On Monday, a Coast Guard cutter unloaded, it claims, enough cocaine to kill 23 million people.
The Coast Guard cutter Hamilton unloaded approximately 61,740 pounds of cocaine and another 14,400 pounds of marijuana at Port Everglades, in Fort Lauderdale, which is approximately 30 miles north of Miami.
The service is calling it the "largest quantity of drugs offloaded in Coast Guard history," it said in a statement. The drugs were valued at a collective $473 million.
The drugs were “enough to fatally overdose the entire population of the state of Florida, underscoring the immense threat posed by transnational drug trafficking to our nation,” according to a statement from Coast Guard Rear Admiral Adam Chamie.

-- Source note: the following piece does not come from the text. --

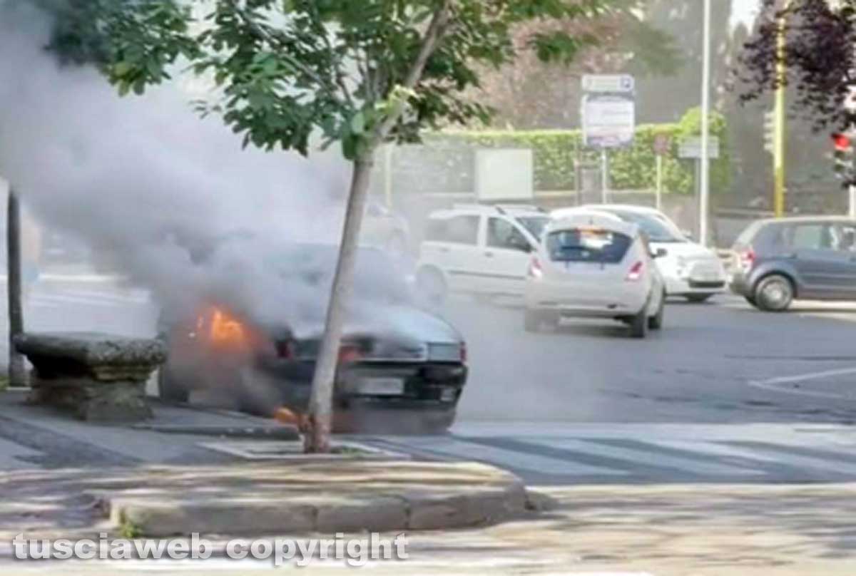 In fiamme, per cause da accertare, una macchina che si trovava parcheggiata a piazza Crispi.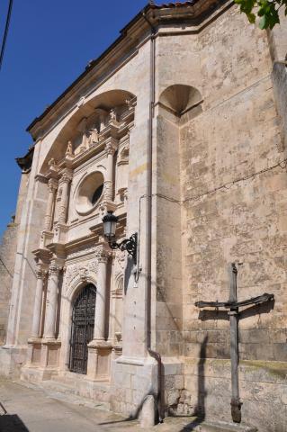 Con restos románicos, la fábrica del templo es del siglo XVI y presenta tres naves sobre pilares columnarios. El retablo mayor, de estilo protobarroco, aparece presidido por una talla de Santiago a caballo.

Rather than one major bust, the drugs represent the outcome of 19 separate Coast Guard interdictions made between June 26 and August 18. Three Coast Guard cutters, two Navy warships, a Netherlands warship, Coast Guard helicopters, and Border Patrol and other task force units were involved in the raids.
Most of the boats stopped by the interdiction force were small, speed-focused boats used by traffickers to move illicit goods. The majority of the interdictions occurred in international waters in the eastern Pacific Ocean and the Caribbean Sea.
In addition to the seized drugs, 34 suspected drug traffickers were also taken into custody during the operation.
The Coast Guard said a drone unit onboard the Hamilton was a critically important tool for spotting the small, fast-moving trafficking boats.
The service released a video claiming that, since Monday, it had seized $2.2 billion worth of drugs.
“These drugs fuel and enable cartels and transnational criminal organizations to produce and traffic illegal fentanyl, threatening the United States,” the Coast Guard said in a statement.
The Trump administration ordered that the Coast Guard be overhauled to focus more on curbing illegal immigration and drug trafficking, bringing it in line with the priorities set for the Department of Homeland Security.
“After decades of underinvestment and severe readiness challenges, the President and Secretary of Homeland Security have directed action to renew the Coast Guard to become a more agile, capable and responsive fighting force,” Coast Guard Admiral Kevin Lunday wrote in a June synopsis of Trump's overhaul.
Lunday was called to Congress to testify about the changes to the Coast Guard, and said that between October and February, the Coast Guard seized more cocaine than it had in all of 2024.